Variant B - Using SSH with a twist.

SSH accomplishes X11 forwarding by forwardin a local X11 socket (normally a Unix Domain Socket) to a local TCP socket on the remote machine, then negotiating the display cookie, then setting the DISPLAY-Environment on the remote machine. This way all X11 traffic is encrypted over the ssh tunnel. The normal use case is to forward the local display to the remote machine (meaning allow remote applications to display x windows locally).

The advantage of using ssh is, that you don't need to put your X-Server into tcp listen mode (since the unix socket is used). And ssh handles the credential exchange.

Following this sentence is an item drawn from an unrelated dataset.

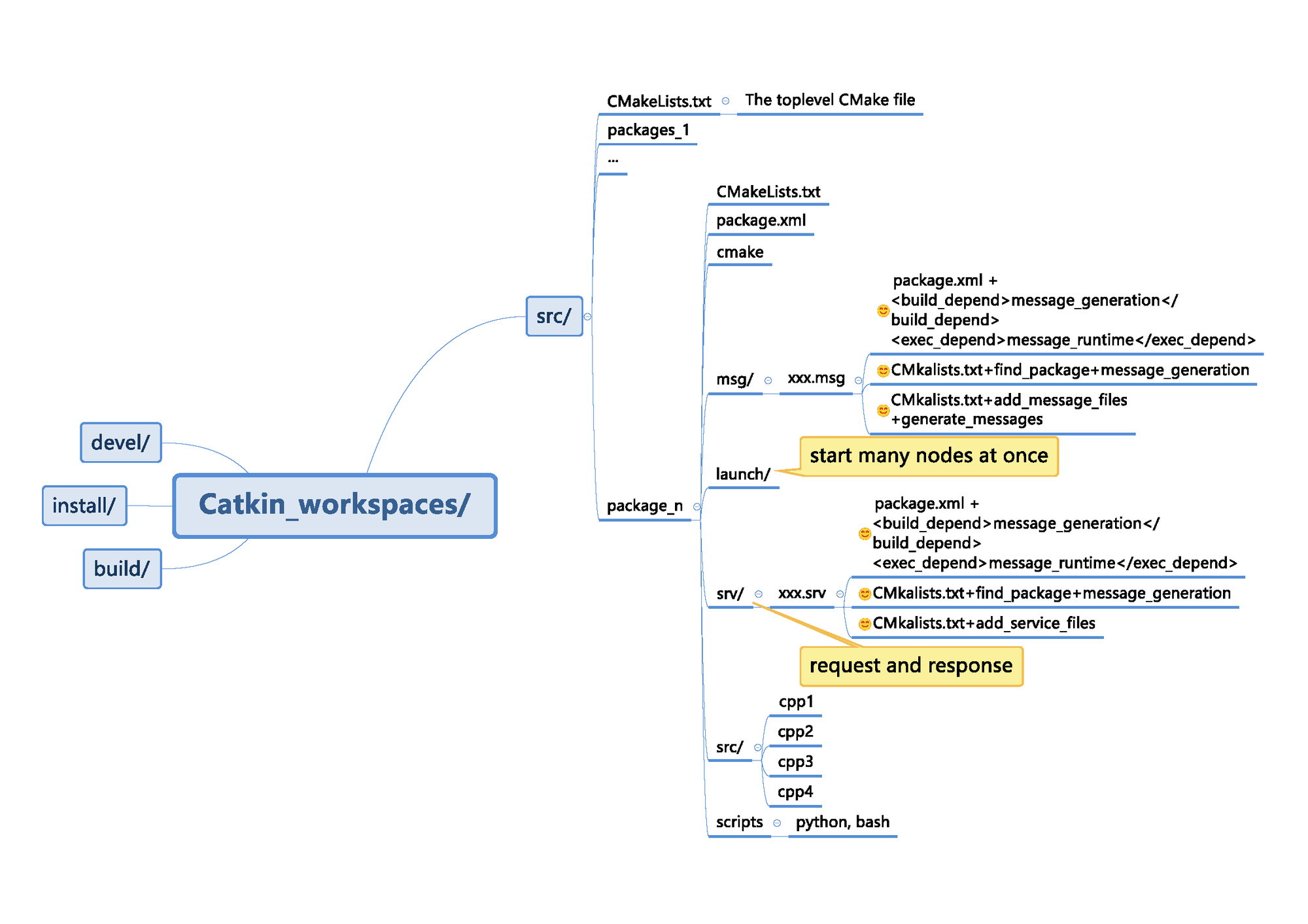 # creating two default versions of these two configuration files: package.xml and CMakeLists.txt.

  1. SSH to your laptop from your desktop computer (you don't need to use -X yet).
  2. In the remote shell enter export DISPLAY=:0 this makes the already running display on your notebook available to the shell you got via ssh. If you run any X command now, it will already appear on your notebook screen, but still run on your laptop (try it out to be safe).
  3. From this shell ssh back to your desktop computer, use -X this time. You now have a shell on the machine on which the ssh session originated but this time with working X. Run xeyes or xcalc to test it.
  4. echo $DISPLAY shows you the designation, your laptops X display has now on your desktop computer. I.e. :10 or :11.
  5. You can minimize the terminal now. Anytime you enter export DISPLAY=:10 (see what display number you got) on your desktop computer now, each program you run afterwards in the same shell will appear on you notebooks screen.

    This Variant is easy but slow, since all X11 traffic is forwarded via SSH.

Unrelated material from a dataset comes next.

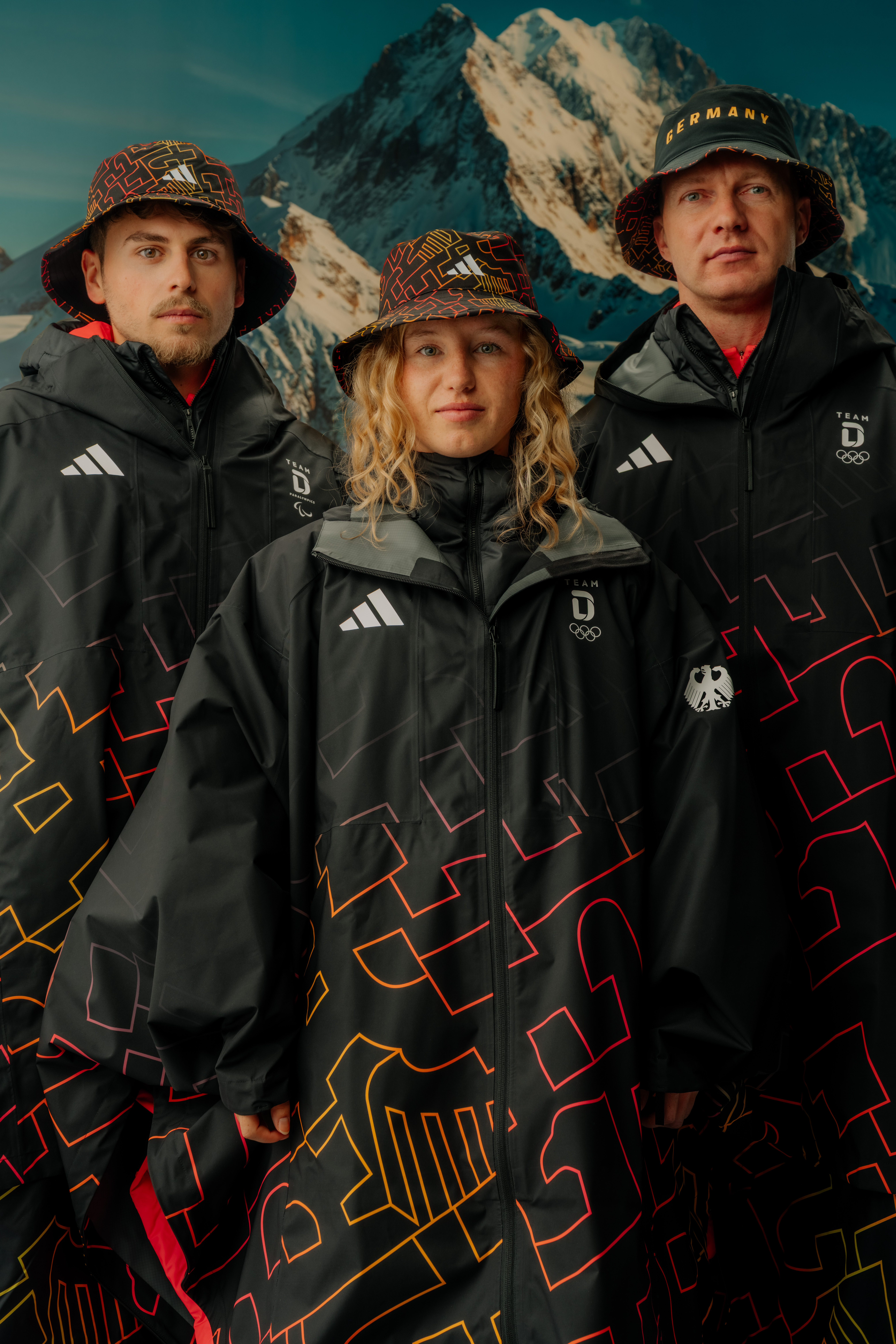 Die neue Team D Kollektion basiert auf der adidas TERREX-Produktlinie und wurde mit modernen Materialien und Technologien für die besonderen Anforderungen des Wintersports entwickelt. Ziel war es, allen Athlet*innen, Trainer*innen und Betreuer*innen optimale Bedingungen zu bieten – unabhängig von Disziplin, Körperform oder Einsatzbereich.So tragen beispielsweise alle Teammitglieder bei der Eröffnungsfeier visuell identische Outfits als Zeichen der Einheit, während zugleich eine erweiterte Auswahl an Größen und Passformen zur Verfügung steht. Ein zentrales Element der Kleidung für die Opening-Ceremony ist etwa die wasserdichte und atmungsaktiv Xperior Hybrid Primeknit CLIMAPROOF+ Jacke. Das Material, entwickelt auf Basis von Body-Mapping-Technologie, bietet hohe Dehnbarkeit, Robustheit und Schutz bei winterlichen Bedingungen – und damit maximale Bewegungsfreiheit auf und abseits der Wettkampfstätten. Ergänzt wird die Kollektion durch funktionale Accessoires wie Brillen, Schlauchschals und Halswärmer, die sowohl praktische als auch stilistische Akzente setzen.

Variant C - The original thinclient concept:

You can use your laptop to Open a desktop session running entirely on your desktop computer.

  1. Configure the display manager on your Desktop to answer to XDMCP Broadcasts. How to do this depends on your display manager. Some display managers don't support this at all, i.e. slim. XDM, KDM, WDM, GDM do support it.

  2. Start a X-Server on your Laptop, which requests the display manager from your desktop. Either a nested X: Xephyr :1 -query desktop or Xephyr :1 -broadcast Or by shutting down your Notebooks X-Server and enter on a System Terminal sudo Xorg :0 -broadcast

    The display manager will see to it, that credentials are generated and exchanged and everything. Congrats, you should now see a login window provided by your desktop computer.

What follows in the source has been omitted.